#### Records provided
:::::
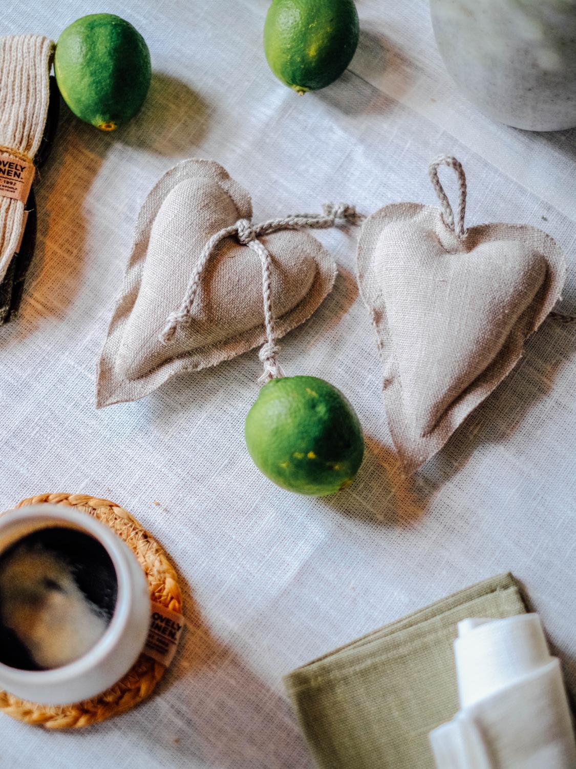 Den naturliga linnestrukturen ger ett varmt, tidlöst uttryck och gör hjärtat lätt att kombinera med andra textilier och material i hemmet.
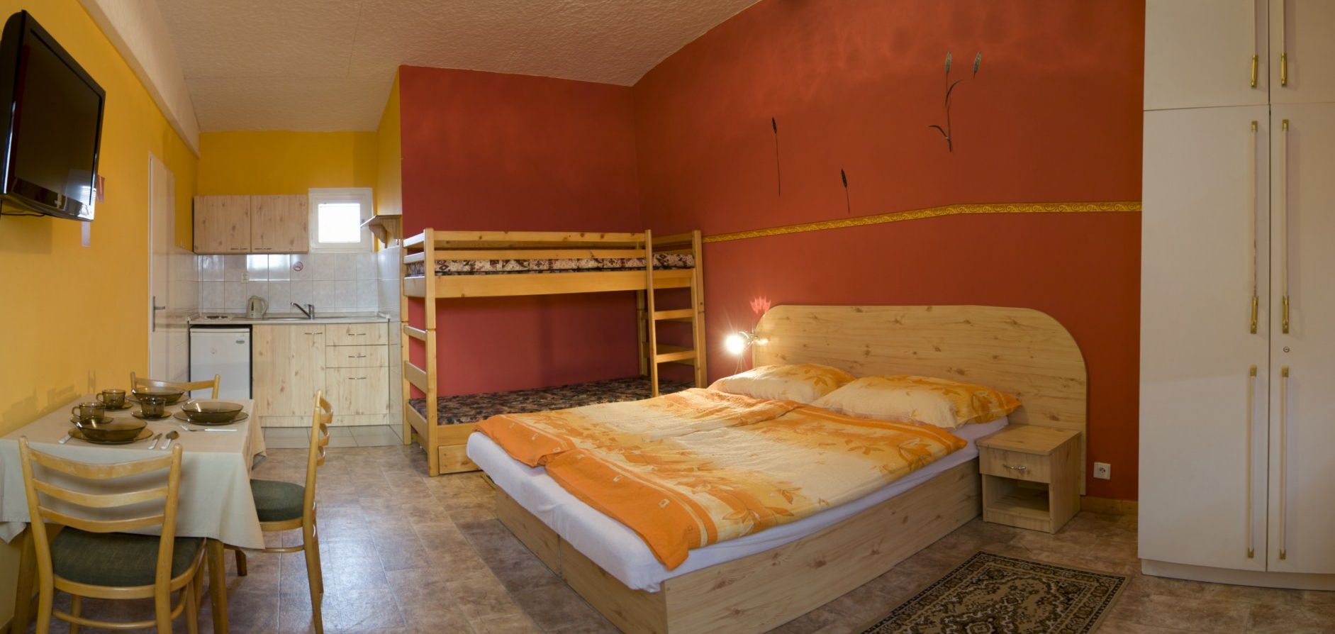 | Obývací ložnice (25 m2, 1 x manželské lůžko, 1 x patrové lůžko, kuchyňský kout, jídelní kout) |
:::::
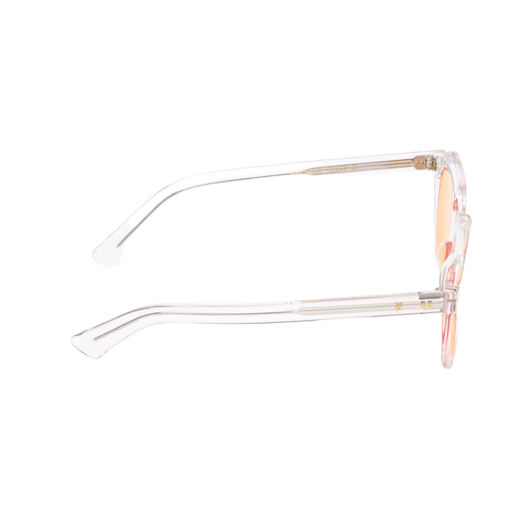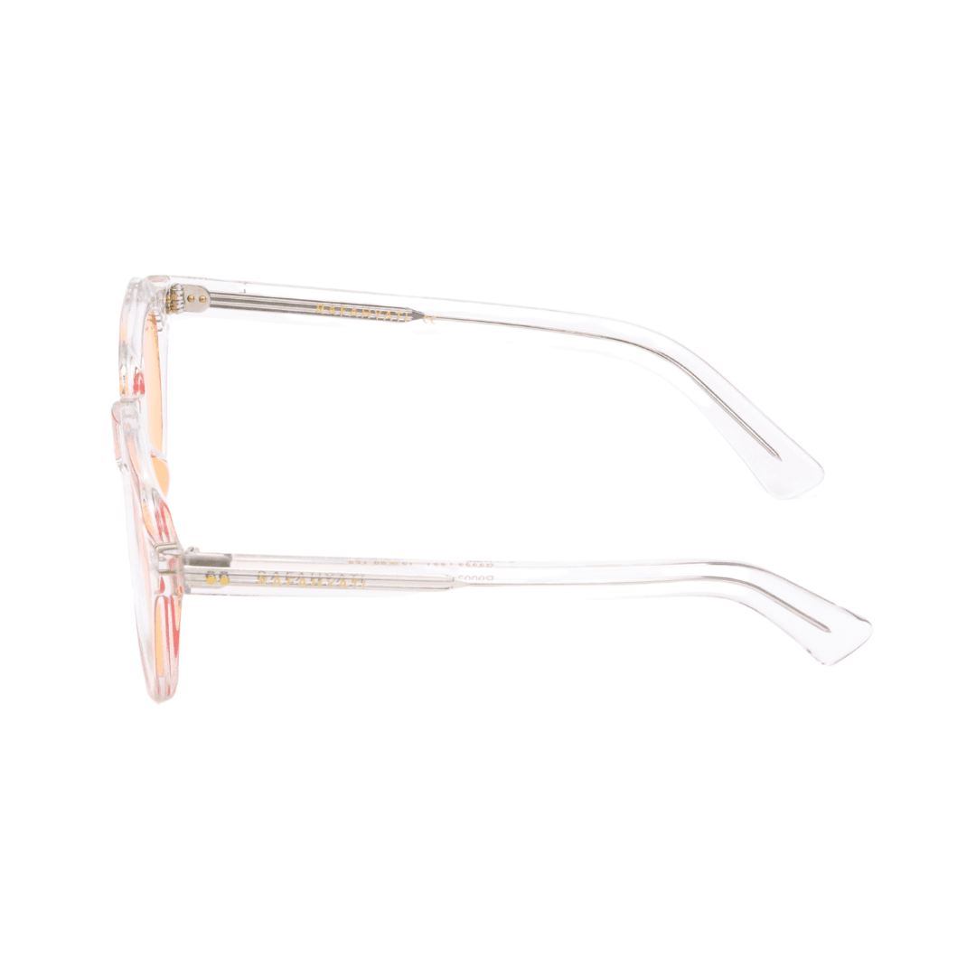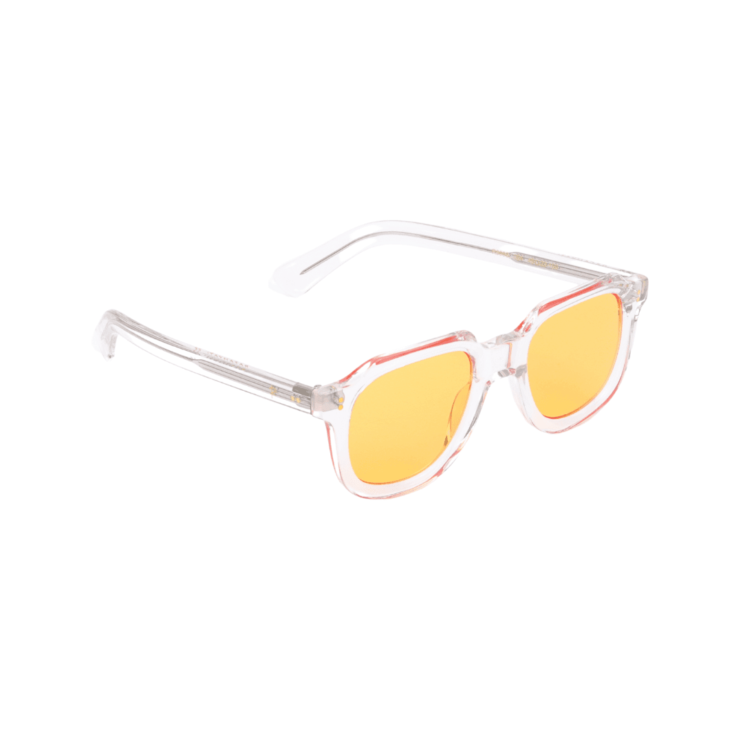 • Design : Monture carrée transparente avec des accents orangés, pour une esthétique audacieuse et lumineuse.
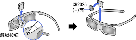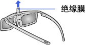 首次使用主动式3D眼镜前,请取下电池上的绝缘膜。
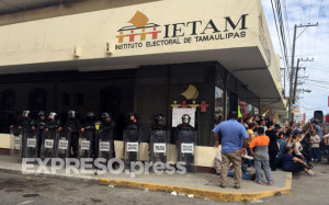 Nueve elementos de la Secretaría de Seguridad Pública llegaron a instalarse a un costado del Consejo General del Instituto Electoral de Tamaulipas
:::::
#### Exercise aim
Give exactly the lines above that run from the line with "Den naturliga linnestrukturen" to the line with "jídelní kout) |", both included, leaving every picture out.

#### Task solution
 Den naturliga linnestrukturen ger ett varmt, tidlöst uttryck och gör hjärtat lätt att kombinera med andra textilier och material i hemmet.
 | Obývací ložnice (25 m2, 1 x manželské lůžko, 1 x patrové lůžko, kuchyňský kout, jídelní kout) |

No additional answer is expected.